Acidizing treatments are typically based on HCl and organic acids and for the first time a multifunctional, low viscosity, retarded HCl acid is also available. Laboratory wormhole tests were conducted for matrix injection but also in a pseudo-acid fracture condition (split-core) in order to establish feasibility for future stimulation designs. Three acid blends were used, a blend of organic acids (OA), a mixture of HCl and organic acid (HA), and a polymer free retarded HCl acid (HRMA).
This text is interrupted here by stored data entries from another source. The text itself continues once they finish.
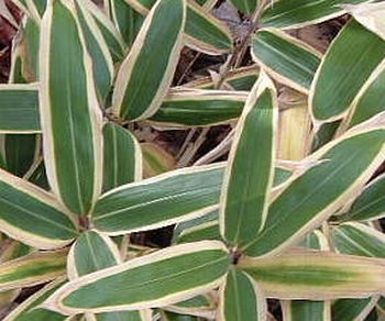 クマザサの葉は、竹とよく似ていますが、白い線で隈取りされてい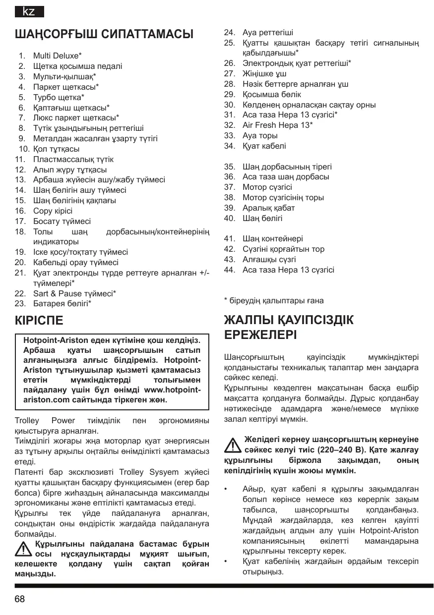 Hotpoint-Ariston еден күтіміне қош келдіңіз. Арбаша қуаты шаңсорғышын сатып алғаныңызға алғыс білдіреміз. HotpointAriston тұтынушылар қызметі қамтамасыз мүмкіндіктерді пайдалану үшін бұл өнімді www.hotpointariston.com сайтында тіркеген жөн. Trolley Power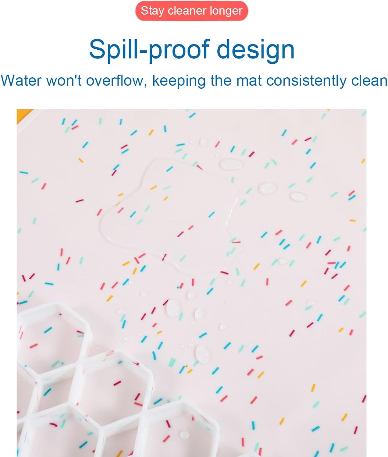 Portatile e salvaspazio: il tappetino da pittura pieghevole in silicone offre un design compatto portatile per riporre lo spazio nello zaino o in casa, perfetto per studenti d'arte e professionisti in viaggio con pratico utilizzo Design con zone di miscelazione dei colori: il tappetino da pittura in silicone per bambini combina il panno di pittura e la tavolozza dei colori con una superficie lavabile permanente. Le zone di miscelazione dei colori integrate consentono di lavorare concentrandosi nelle ore d'arte o nei progetti fai da te senza interruzioni di pulizia Organizzazione dei colori intelligente: il tappetino da pittura in silicone per bambini organizza i colori in base ai colori e offre un design ad accesso rapido per gli strumenti, crea uno spazio artistico intuitivo in cui i bambini possono approfondire progetti immaginativi senza distrazioni. Superficie senza residui: la superficie in silicone di alta qualità del tappetino da pittura resiste all'allungamento e alla formazione di pieghe e offre una durata costante con una trama fine che è piacevole al tatto sotto la mano. Impedisce la deformazione e le pieghe e garantisce così una concentrazione ininterrotta durante le attività artistiche, dallo schizzo al design completo. Base di lavoro stabile: impedisce lo scivolamento e protegge le superfici dallo sporco, favorisce il lavoro concentrato su progetti artistici grazie alla tenuta affidabile e alle proprietà a tenuta stagna

The cores tested correspond to a particular well and X-ray Diffraction (XRD) analysis confirms it is >98% dolomite. CT imaging corroborates the heterogeneous permeability due to primary and secondary porosity systems (5% – 10% and 10% – 15%). The pore volume breakthrough of each acid blend was determined for two cores of similar porosity under same constant injection rate. Results indicate the organic acids blend (OA) can have better injectivity when flow rate is much higher than the HCl/Organic acid (HA) blend. A core with 10X lower permeability (0.1 – 0.5 mD) was tested with new Retarded HCl acid (HRMA) using same injection rate as the other acid blends. Results indicate that Retarded HCl (HRMA) does not cause core facial dissolution under unoptimized injection rate. The wormhole patterns generated for the HCl/Organic acid (HA) blend show good distribution and for Retarded HCl (HRMA) show enhance acid containment (less ramification). Both HCl acid blends (HA and HRMA) are suitable for dolomitic acidizing under different injection rates, while the purely organic acid blend is more adequate for high rate injection.
Notably acidizing of dolomitic reservoirs can be highly efficient under optimized conditions and future work with non-retarded and retarded acids can systematically drive pumping engineering designs. The Retarded HCl acid (HRMA) has multifunctional properties including scale inhibition and lower HCl reactivity.